Grammar rules

Simpli has about 12 core rules. No conjugation, no gender, no cases.

Pronouns: el = he, she, it

Simpli uses one word for all third-person singular: el. There is no separate “it”; el is used for he, she, and it (people and things). So el hav no hard gramar = It has no hard grammar; Yu kan lern el fast = You can learn it fast.

1. Word order

Subject – Verb – Object. Examples: mi sii yu, wi iit rais.

2. No verb conjugation

Verbs never change. Express time with fixed particles before the verb: did (past), now (ongoing), wil (future). Examples: mi did go (I went), mi now go (I am going), mi wil go (I will go).
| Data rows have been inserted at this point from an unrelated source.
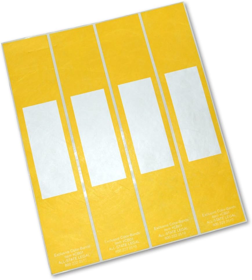 Color-Bands the original and favorite color coding, file identification and file handle for expandable pockets and wallet files. The easiest way to organize your file room and reduce file retrieval time by up to 60%. Tear resistant and hand friendly Tyvek bands attach to files creating a handle to ease the retrieval of files and reduce wear and tear on file gussets, increase the life of your files. Not laser compatible. 100 per package.
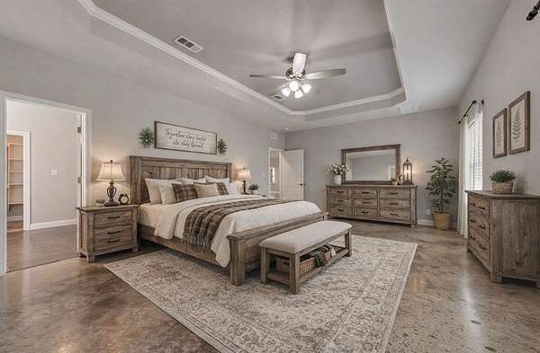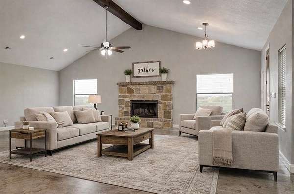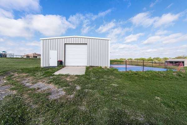Custom Home w NO HOA, over 2 ACRES and HUGE WORKSHOP. Welcome to the relaxed country lifestyle. This spacious 1-story home offers a split bedroom floorplan and is loaded with extras. The CONCRETE FLOORS are not only stunning, but they are easy to care for and durable. The Living and Dining spaces flow seamlessly together so you can adjust for your perfect and specific needs. Overlooking the CHEF EQUIPPED KITCHEN with spacious pantry, granite counters and DOUBLE OVENS. The Primary Suite hosts plenty of room for a sitting area as well as an ensuite bath equipped with a HAIR WASHING STATION. What a treat and an amazing setup for a business, if you wish. The OVERSIZED GARAGE also hosts a TANNING BOOTH that will stay. Don't worry about parking, there is an EXTENDED DRIVEWAY plus a 40x30 WORKSHOP with RV HOOKUP for additional parking. So bring your boat or RV and sports vehicles. The INGROUND GUNITE POOL was added about a year and a half ago, as well as a fun SPORTS COURT, ready for basketball, or convert it to pickleball. Your NEW HOME awaits you! Come see it soon.
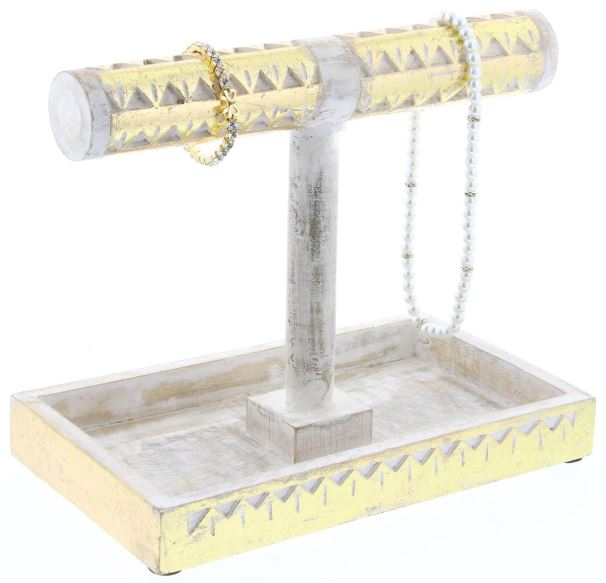 Designed with a natural theme for a calming and relaxing feeling. Crafted of solid mango wood for durable structure. Features a white patina finish. Classy jewelry holder adds personality to your tables and shelves.Read More

Optional aspect markers: olredi (already), stil (still), not-yet (not yet).

3. Negation

Put no before the verb: mi no go, el no sii.

4. Questions

Start with wat, hu, wer, wen, wai, hou. Example: wat yu nem?

5. Plural

Optional. Use numbers or meni when needed: tu buk, meni haus.

6. Articles

None. No “a” or “the”; omit them.

7. Adjectives

Before the noun, never change form: big haus, red buk.

8. Possession

Noun + possessor: haus mi = my house, buk yu = your book. You can add of for clarity, but it’s not needed: haus (of) mi, haus (of) broder (of) mi = my brother’s house.

9. Prepositions

Use: in, on, at, from, to, wit, for. in haus, from London.

10. Connectors

and, or, but, becos, so. mi and yu, el no go becos raen.

11. Compounds

Join words with a hyphen when useful: sun-lait, fast-tren, wata-food.

Numbers (reading aloud)

For saying numbers aloud, you can use an East Asian–style reading: from large units to small, with tens built as digit + ten + digit (instead of a single word like “thirty-four”).

34 → tri ten for (three–ten–four)

3253 → tri dausand tu hundrad faiv ten tri (three thousand, two hundred, five-ten-three)

Digits: sero (0), wan … nain (1–9), ten (10). Larger units: hundrad (hundred), dausand (thousand).